Friday, June 15, 2007

Fallen Idol

In answer to a couple of emails I recently received:


The answer depends, in part, on whether you’re asking an intellectual question or an existential question.

Are you asking about the theology of sin? Anthony Hoekema has several chapters on this topic in his book Created in God’s Image.

Likewise, Tom Schreiner discusses the subject extensively (see index and table of contents in his book on Paul, Apostle of God’s Glory in Christ.

And, from a more pastoral perspective, there is the first chapter of J. C. Ryle’s book on Holiness.

Or are you asking an existential question in terms of how you internalize the theology of sin?

Because, in this life, our knowledge of God, while pervasive, is somewhat oblique, the idea of sinning against God tends to be a bit abstract. Something we may grasp at a cerebral level, but not identify with at an emotional level.

It also depends on our persona experience with sin. Some converts to the faith have a strong sense of the power of sin because they were once enslaved to destructive, compulsive-behaviors

Likewise, some converts to the faith have a strong sense of the guilt of sin because they have gravely wronged people very dear to them.

However, even if that is not your experience, human beings have been endowed with a capacity to imaginatively empathize with the situation of others. This is why we find fiction so appealing, whether in film, TV, or literature. So it’s possible to analogize from the experience of others to sinning against God.

Imagine if your dad was a hopeless alcoholic. You would certainly appreciate the power of sin, even if you yourself were not a hard drinker.

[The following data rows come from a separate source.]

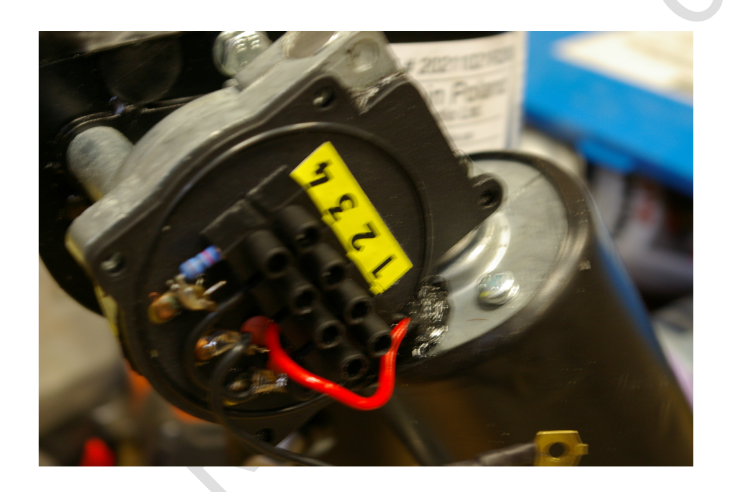
Step 2: Pull down the plastic carrier to expose the Reed Switch which can be seen next to the three copper studs on the left of the picture below.

Step 1: Remove the cover from the motor at the location where the control cable enters the Motor. The Terminal strip for connecting the control cable will be exposed.
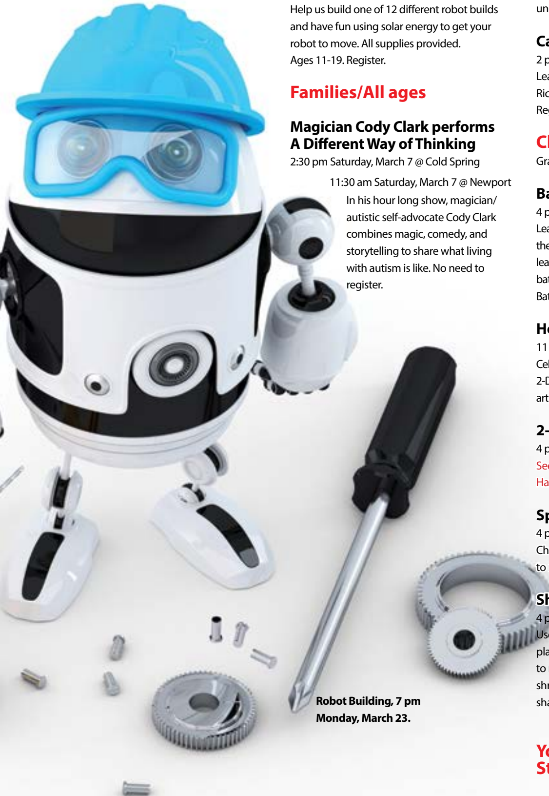
Robot Building, 7 pm Monday, March 23.
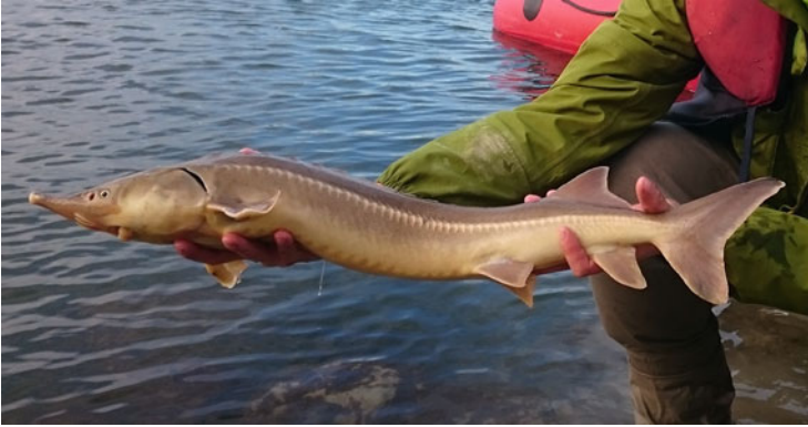
Fig. 26.1 A sterlet ( Acipenser ruthenus ), a pure freshwater sturgeon species, native in the Pontocaspian region. Sturgeons are unique with regard to external appearance and their traits

adults need a wide selection of habitats within the river and have to have the ability to migrate downstream after spawning.
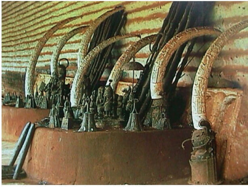
ROYAL ANCESTRAL ALTAR, BENIN CITY, NIGERIA
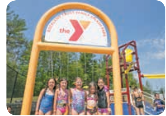
Kids enjoy exploring at our Rockland Trust Family Splash Park
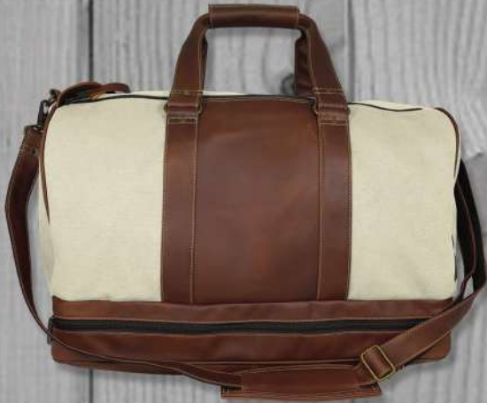
Calypso Duffle #90510 (20" x 10.5" x 12")
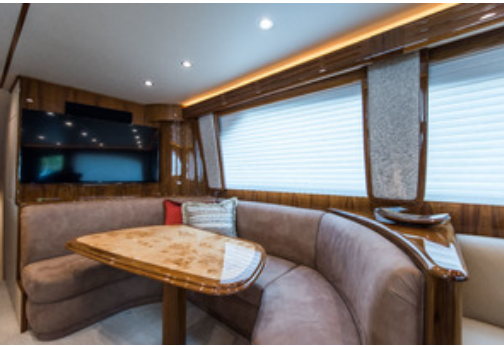
Viking 66 Convertible Dinette
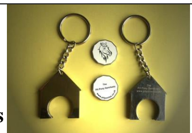
Angel 19?? – September 2021

News, views and thanks or how you help us
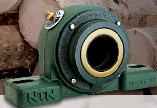
SPAW/SPW Mounted Roller Bearing Units

Start running longer and more reliably with NTN . Our bearings are engineered to tackle the brutal environments of mill work—and we back them with quick availability plus hands-on support, training and trouble-shooting.

Imagine, further, if you were raised by your big brother. Your father was too drunk too much of the time to be a father. So your brother had to take up the slack. He became your guide and guardian.

And suppose, despite everything your older brother had done for you, there came a day when you betrayed him. Suppose you were using drugs. They were in your possession.

While you and your brother were driving, suppose you were stopped by the police. Maybe for some minor traffic infraction. Or maybe at a random checkpoint to catch drunk drivers.

In your fear and panic, you plant the drugs on your brother. So he is the one who's arrested, charged, convicted, and imprisoned instead of you.

Or, to vary the illustration, say you had a falling out with your supplier. As a result, there’s a drive by shooting in which you survive, but your brother is killed. And all because of you. Because of your illicit habit.

Imagine the guilt you would feel! Then consider how much more we owe to God than we do to any human mentor or parent.

That should help to give you and me a sense of sin’s ingratitude and gravitas.


There's no firm answer to this question, and one reason is that it's not necessarily the right question to ask.

1. As you know, idolatry has a very specific meaning in Scripture. It's tied up with polytheism.

Preachers often use idolatry as a metaphor. There's nothing necessarily wrong with this generic application, but it's a mistake to read the application back into a passage like Ps 16, as if that's what the Bible is talking about.

2. Another problem with the speaker's position is that it's feelings-oriented. How do you feel about God in relation to "worldly" things?

But, of course, we have little direct control over our feelings. And there's no way to quantify our feelings. How much is too much? How much is too little?

It confronts the Christian with an impossible task.

3. There are many different ways to experience God in this life. Through nature and natural, common grace goods. Through the Bible and other means of grace, like prayer, hymnody, Christian fellowship.

But these are all indirect. In this life we don't get to know Jesus the way the disciples got to know Jesus.

By contrast, we can get to know other people directly (friends, family members).

It's unnatural to suppose that we can feel the same way about a person we've never but, but only read about, than we can about a person we can actually see and hear, hug, live with, or do things with. That's just the way that human nature is wired.

I'd add that God has also be present in the people he's given to us. The people he's brought into our lives.

Some people are emblems of his grace. Embodiments of grace.

4. Instead of trying to focus on our feelings, which is an effect of something else, we should focus on the cause. We should cultivate a spirit of thankfulness. Thank God throughout the day for the many blessings he brings our way. That's one way of finding God's presence in our lives. Even keep a spiritual diary or daily journal, since we tend to forget from one day to the next the many, sometimes unexpected, ways we've been blessed.

And we should apply ourselves to the means of grace, like prayer, Bible-reading, hymnody, devotional reading, Christian fellowship.

And we should also enjoy the good things of life. That's a way of thanking God.

Gratitude doesn't exist in a vacuum. One needs to cultivate a life-experience that gives us reason to be grateful.

That also helps to tide us over during the dry seasons in the walk of faith.